# FS Tibor Everglades in Black or Gold



## Garbo (Oct 2, 2007)

That's Right, You pick the color in either Black or Gold. Either is currently mounted on a custom two piece 9' 8w. Both have made only one trip to Islamarada and fished for 4 days and have been in the Neopreme Reel cover since their maden outing. Condition would be "As New". 

I don't know the fee that Ted charges to change the owners name on the nameplate, but I think it is very reasonable. 

With Rod $800.00

Without Rod $550.00


----------



## Splittine (Nov 24, 2007)

Garbo said:


> .
> 
> I don't know the fee that Ted charges to change the owners name on the nameplate, but I think it is very reasonable.


$21 for the replacement plate, don't know if that included the engraving but that can be done cheap locally.


----------



## jack2 (Mar 19, 2010)

hey, curtis,
i'll be in key west next week. give me some clues 'bout the fishing in islamorada and surroundings. 
btw, don't forget about thursday. i'll give you a call tonight. thanks.

jack


----------



## REDFISH101 (Mar 27, 2009)

would you be willing to take $500.00 cash for the set up.


----------



## Garbo (Oct 2, 2007)

REDFISH101 said:


> would you be willing to take $500.00 cash for the set up.

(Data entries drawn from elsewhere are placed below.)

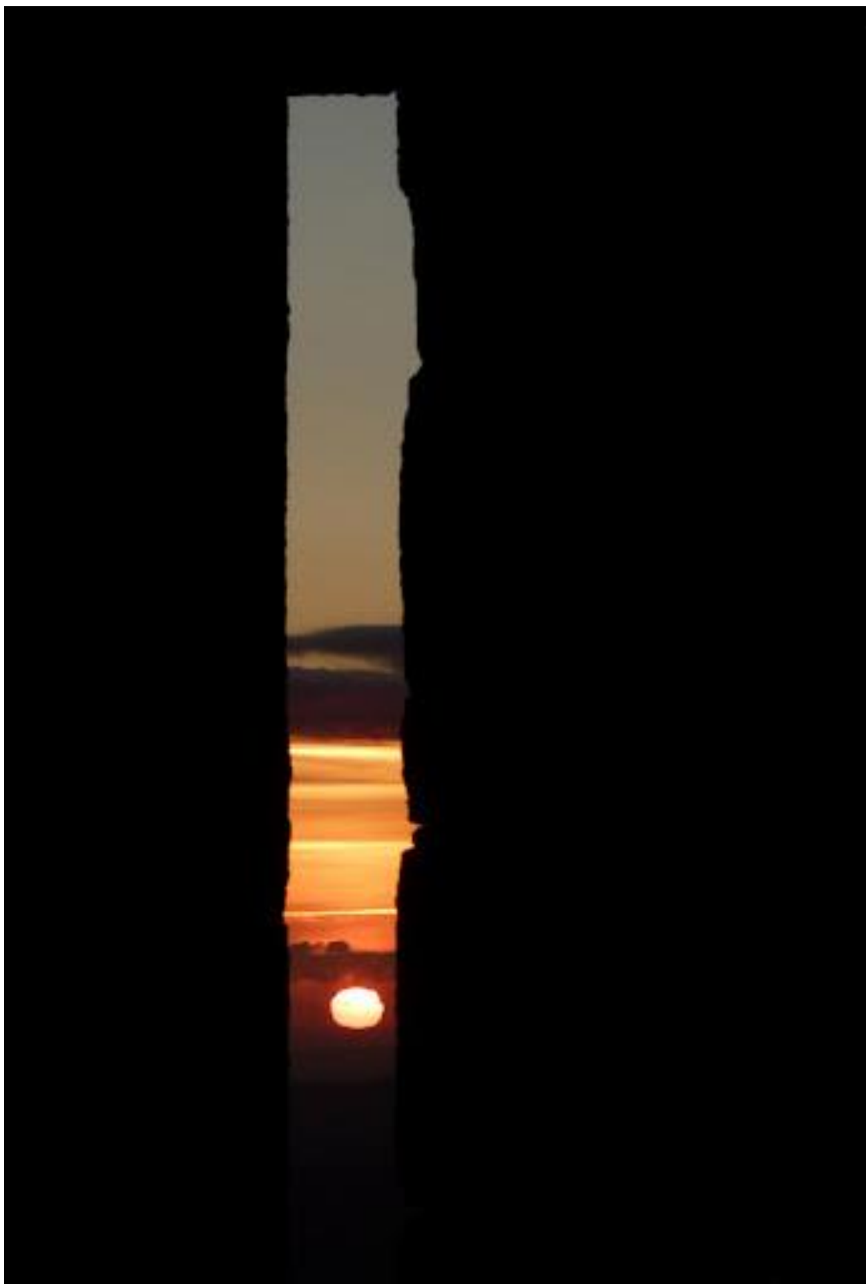
À 06h05, le lever du soleil du 21 juin, façade Nord-Est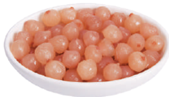
CANNONE LAMPASCIONI ALLA PUGLIESE 2,9KG 23001B - VASO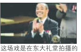
这场戏是在东大礼堂拍摄的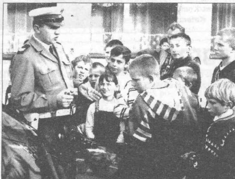
Dzieci mogły przyjrzeć się przedmiotom, które służą policjantom w codziennej pracy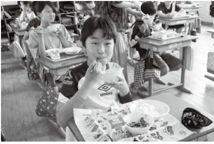
▶給食を食べる高鍋東小学校の生徒たち

5月22日に高鍋東西小学校、5月28日に高鍋東西中学校で宮崎牛を使用した給食が提供されました。 新型コロナウイルス感染症感染拡大による消費減少を受け、給食に地元食材を取り入れる県緊急対策事業の一環で行われました。 高鍋東小学校では肉じゃがが提供され、子ども達は笑顔で給食を楽しみました。 今後、宮崎牛や地鶏などの県産食材を使ったメニューを提供する予定です。

*Thanks for the offer, and*

*I will work with you, but not $300.00 worth or work. Think about it and lets talk, But Please check the suggested retail on a Tibor Everglades......without a rod. *

*Again, Thanks for the offer. *


----------



## REDFISH101 (Mar 27, 2009)

ok well its a starting offer.I have just a little over 600 to spend at the time.pm me with what you will take.I also have a 1980's 6 hp johnson motor to trade with the cash if interested.


----------



## Garbo (Oct 2, 2007)

10-4.

PM Sent.


----------



## REDFISH101 (Mar 27, 2009)

another pm sent...also was wanting to know if the reel handle is on the left side or right side?


----------



## Garbo (Oct 2, 2007)

Gold w/rod is --- Sold Pending delivery.


----------



## Garbo (Oct 2, 2007)

The Gold Everglades with a Beautiful Custom 8wt is *Sold*.

We met up in the Perdido Publix Parking lot, and done some fly casting in an open section of parking lot. While we were goofing off there was a shopper leaving Publix and stopped to watch, he told us he fly fished as well, and spoke of my double haul, and I bombed a tight loop and shot a 100 feet and some backing. I love that stuff. 

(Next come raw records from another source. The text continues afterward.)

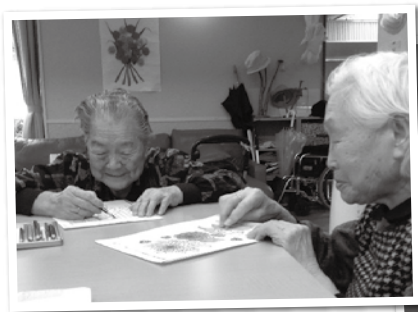
楽しくおしゃべりしながら！

作品は郡山市の高齢者作品展に出品して、12月13日(金)～15日(日)まで展示されました。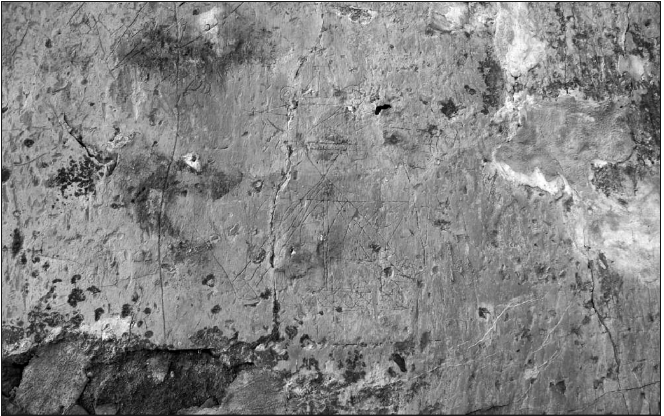
Figura 3. Grafito de embarcación y símbolo. Imagen B de la fig. 5 e Imagen J de la fig 6.

fitos de forma sencilla nos situaremos en la calle María de Molina, frente a la cara este de la torre y siguiendo un orden de izquierda a derecha pasaremos a describir algunos de los dibujos trazados, en concreto los mejor conservados y más identificables aunque debemos mencionar que mientras algunas se conservan en relativamente buen estado como para ver los trazos que conforman cada una de las figuras, en la mayoría de los casos su excesiva esquematización o el deterioro sufrido no permiten establecer su tipología,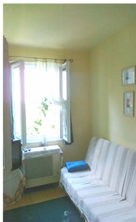
Nappali szintű háló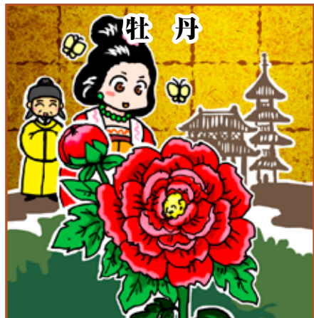
「百家の王」と呼ばれる中国原産の花・牡丹。お隣、島根県の大根島は牡丹の名産地です。

みなさん、いかがでしたでしょうか。まだまだ伝えきれない多くの魅力がある私のふるさと伊豆半島、コロナが収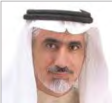
سعادة الدكتور زهير المزيدي رئيس مؤسسة الإعلاميون العرب دولة الكويت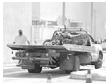
LA MOTO asegurada

La oficiales de la OUGI así como Policía Estatal se dieron a la tarea de buscar a los agresores ya que tienen conocimiento que huyeron hacia un punto conocido como "la quebradora" por lo que dentro de sus inspecciones hallaron a un par de sospechosos que coinciden con las características de los supuestos agresores.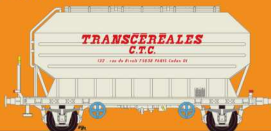
Réf 433022 - Wagon céréaliers à 2 essieux freinés déco Transcéréales CTC - SNCF Ep IV - UIC - 5 numéros possibles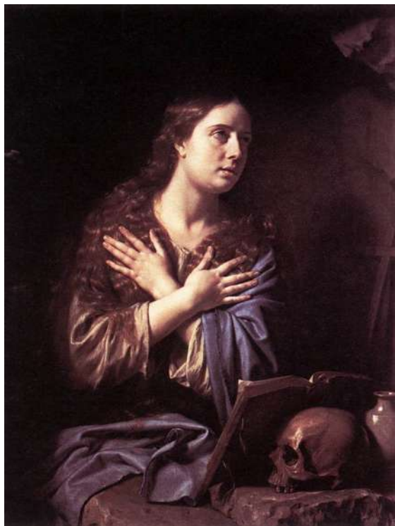
Philippe de Champaigne, Magdalena pokornica, Museum of fine Arts, Houston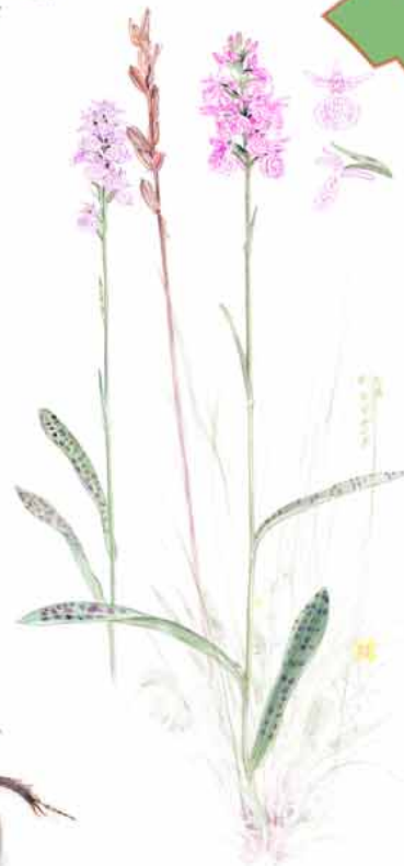
Jungfru Marie nycklar Dactylorhiza maculata eller fläckigt nyckelblomster är en orkidéart i handnyckelsläktet Dactylorhiza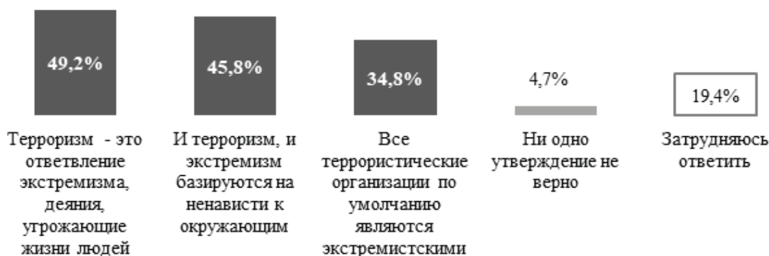
Рисунок 2 – Представления студентов о связи терроризма и экстремизма (N=4815 чел.)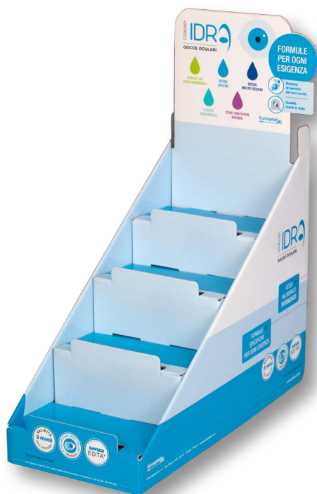
1- Microonda, crowner sagomato + frontalini anticaduta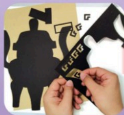
1. 取下配件进行拼贴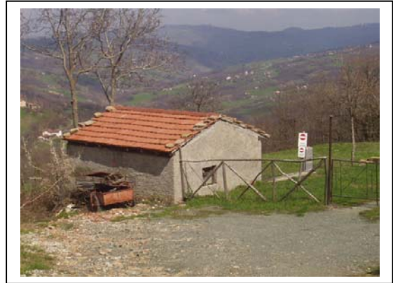
UNITA' EDILIZIA NR. 6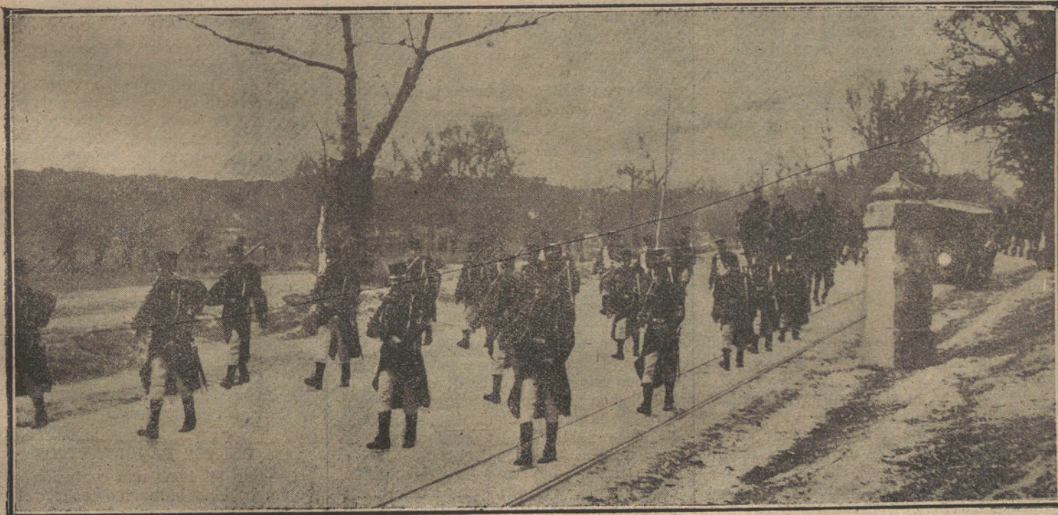
Desfile del regimiento de Ferrocarriles, en columna de honor, ante el capitán general.

Comunican de Podgoritza que el rey Nicolás de Montenegro ordenó esta mañana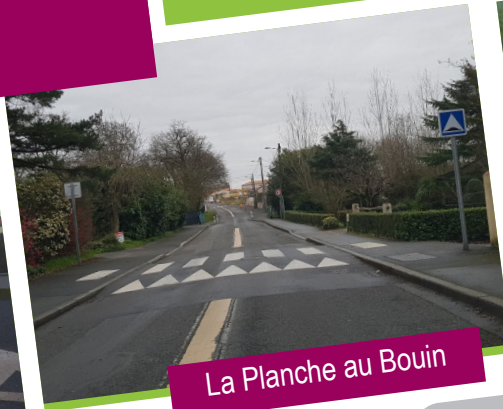
La Planche au Bouin

Outre les trois grands axes du bourg, nous avons privilégié également les réalisations d' aménagements sécuritaires dans les villages de La Bauche Tue Loup, les Ménanties, rue de Lavau, la Coletterie, rue de la Gautellerie et du Champsiôme, rue de la Tête des Landes, rue de la Haugardière, La Bourie, rue des Sables, rue du Moulin Rouge, rue de la Vincée et à La Planche au Bouin, soit plus de 3,75 km de voiries restaurées et aménagées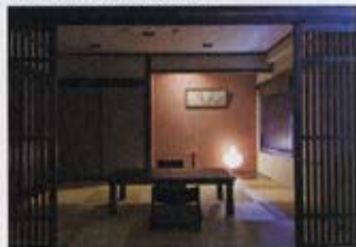
デザインルーム「黄昏の和」(たそがれのわ)

People that fish are cool, and if someone really knows the thrill of fishing and loves it, they completely understand fly casting in the parking lot at Publix as if it were completely normal. 

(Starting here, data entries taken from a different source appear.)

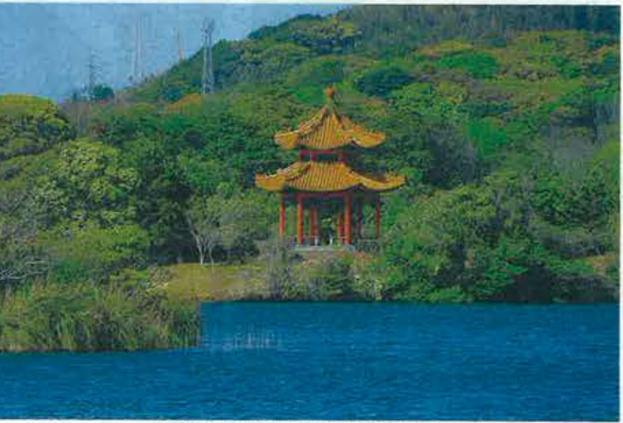
頓田貯水池のほとりに立つ大北亭

友人都市締結から昨年40周年を迎え、新型コロナウイルスの感染拡大では互いにマスクなど支援物資を送り合った。大北亭は、そんな両市のきずなの証しだった。（山下航）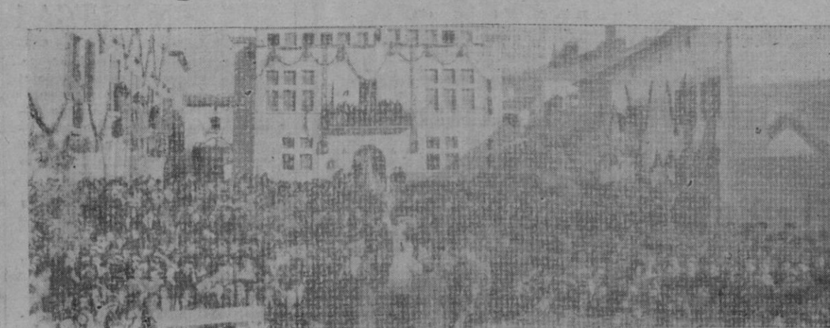
Un aspecto del solemne acto celebrado ayer en la villa de Artá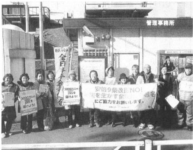
年金支給日に3千万署名。横浜みなみ支部の皆さん (2/15 京急井土ヶ谷駅)

☆憲法共同センターとユナイテッド(野党共闘を求める団体)の「安倍改憲NO30000署名」桜木町行動」に県本部役員が参加しました。「憲法9条変えないで」チラシ、3万枚を全県各支部で地域に配っています。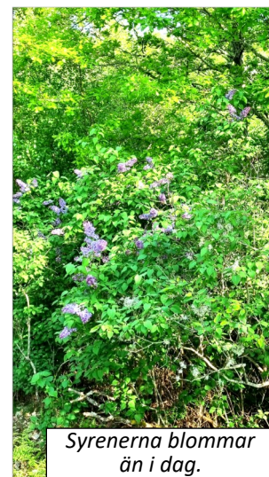
Syrenerna blommar än i dag.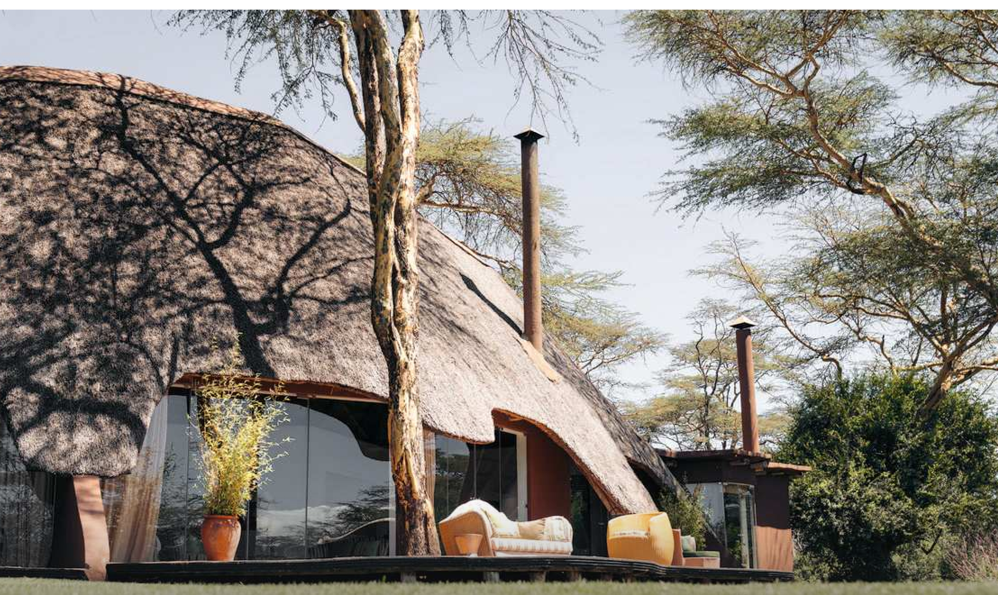
Solio Lodge 5*

Kevin it was a pleasure to meet you and I look forward seeing you on the water, or in the Publix Parking lot either one.


----------



## Ultralite (Oct 1, 2007)

shoulda called me curtis...i'da loved to see that!...


----------



## Garbo (Oct 2, 2007)

I show shouldof, Mike. 

I think of you and Dale everytime I drive over that bridge, and I did tonight as well. I don't know how much entertainment we would have been but I enjoyed it. Mike.... You and I have a "on the water" session we are supposed to have, and we need to stop putting it off and get to it.


----------



## Ultralite (Oct 1, 2007)

i remember curtis...can we make this happen next spring though? i'll be thawed out by then...hope you get them sold and sorry for the sidetrack..

Merry Christmas!

mikendale


----------



## Garbo (Oct 2, 2007)

Mike Kirkland - Don't you ever apoligize to me. The way I see it You and Dale are far more important than any reel. 

This spring it will be. 

Merry Christmas to You and Dale.


----------



## REDFISH101 (Mar 27, 2009)

thanks curtis, it was a pleasure meeting you last night and to see you throw 100ft was awesome:notworthy:.Im looking forward to this spring maybe we can meet up and do some fly fishing.


----------